Home > Other > As Dark As My Fur > Page 20
As Dark As My Fur Page 20

by Clea Simon


  THIRTY-ONE

  This time, I am prepared. The hellish klaxon will not catch me unawares. Will not shock me into senselessness, as it did once before. The girl beside me prepares as well. As we make our way around the side of the building, she pauses, ducking down behind an outcropping of trash. And when I see her cover her own ears, I steel myself. Somewhat removed from its direct blast, when that hideous noise lets loose, it does not this time overwhelm me with its cry of death and horror. And yet, it pins my ears flat, and I must exert all my self-control to refrain from bolting. As it is, my claws extend to clutch at the pitted stones beneath me, and, cowering, my eyes see naught. That I do not run, that I retain some semblance of myself – my dignity – is a victory of sorts. This form, with all its heightened senses – is not entirely bereft of discipline. Is not devoid of all control, even when faced with such hideous volume. Yes, I pant as the echoes die, revealing the thudding footsteps of the workers who flee – no, I realize – who are herded at the behest of that fiendish sound. But as I look up, alert and ready, the girl smiles down at me, and I am amply recompensed.
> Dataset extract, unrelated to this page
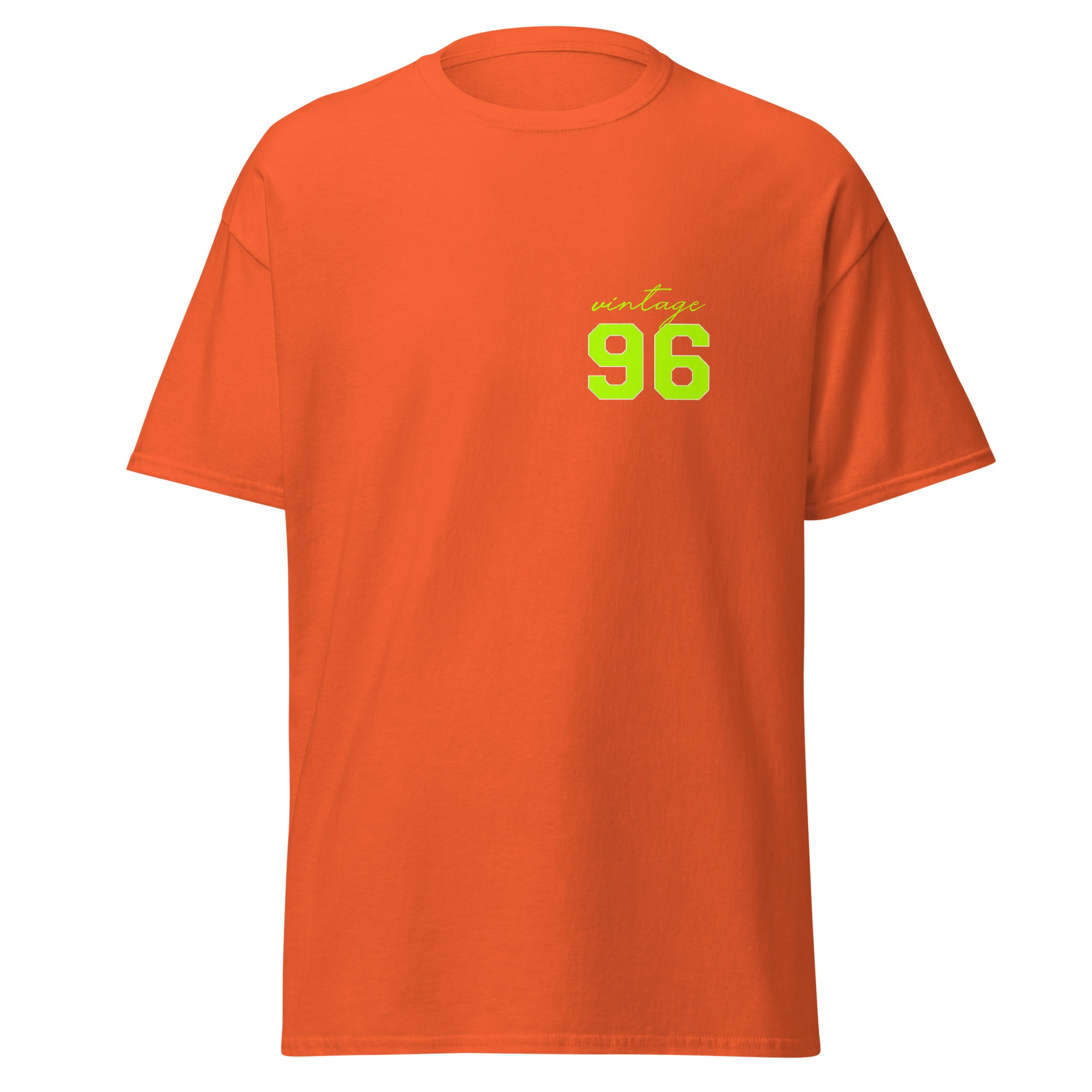 Le t-shirt custom Vintage 1996 ne manque pas d’originalité. Soyez unique avec une touche fluo dans une tenue décontractée .

  It is not yet dark as we once again approach the building, and the city is humming. Nocturnal life of all sorts has begun to stir, from the sickly raccoon whom we disturb as she rooted through the day’s trash, to the young hustler who will do his own version of the same, as he summons the strength for another night on the game. He eyes the girl as she passes, dismissing her as a client – and then as possible competition as she moves swiftly past.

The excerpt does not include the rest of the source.